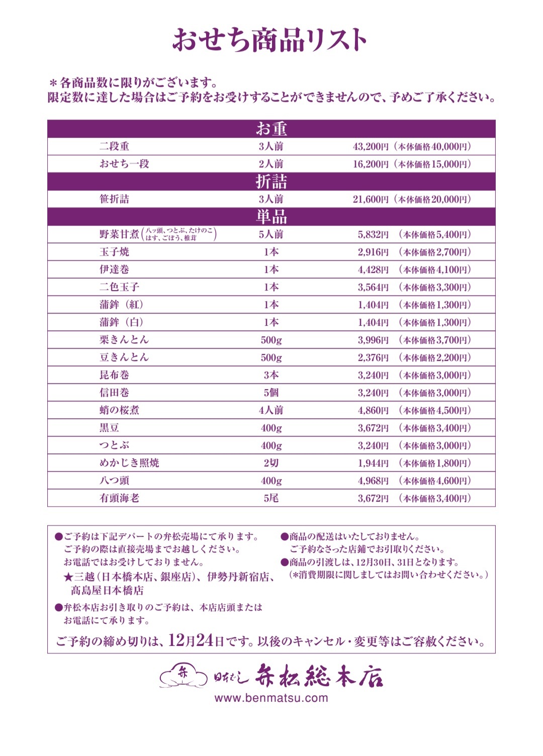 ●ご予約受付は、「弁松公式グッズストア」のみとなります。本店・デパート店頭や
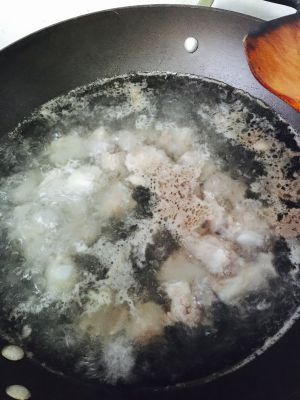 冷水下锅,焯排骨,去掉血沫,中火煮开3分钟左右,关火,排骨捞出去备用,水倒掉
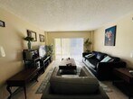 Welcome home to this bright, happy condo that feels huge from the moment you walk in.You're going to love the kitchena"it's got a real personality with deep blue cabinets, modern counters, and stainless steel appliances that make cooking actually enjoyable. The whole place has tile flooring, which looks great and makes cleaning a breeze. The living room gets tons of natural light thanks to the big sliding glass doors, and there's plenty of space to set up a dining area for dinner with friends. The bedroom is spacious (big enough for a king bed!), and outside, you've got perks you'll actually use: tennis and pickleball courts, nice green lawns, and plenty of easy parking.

────────────────────

EXERCISE BRIEF:
Give back all of the data exactly, but not the pictures.

ANSWER BOX:
 ●ご予約受付は、「弁松公式グッズストア」のみとなります。本店・デパート店頭や
 冷水下锅,焯排骨,去掉血沫,中火煮开3分钟左右,关火,排骨捞出去备用,水倒掉
 Welcome home to this bright, happy condo that feels huge from the moment you walk in.You're going to love the kitchena"it's got a real personality with deep blue cabinets, modern counters, and stainless steel appliances that make cooking actually enjoyable. The whole place has tile flooring, which looks great and makes cleaning a breeze. The living room gets tons of natural light thanks to the big sliding glass doors, and there's plenty of space to set up a dining area for dinner with friends. The bedroom is spacious (big enough for a king bed!), and outside, you've got perks you'll actually use: tennis and pickleball courts, nice green lawns, and plenty of easy parking.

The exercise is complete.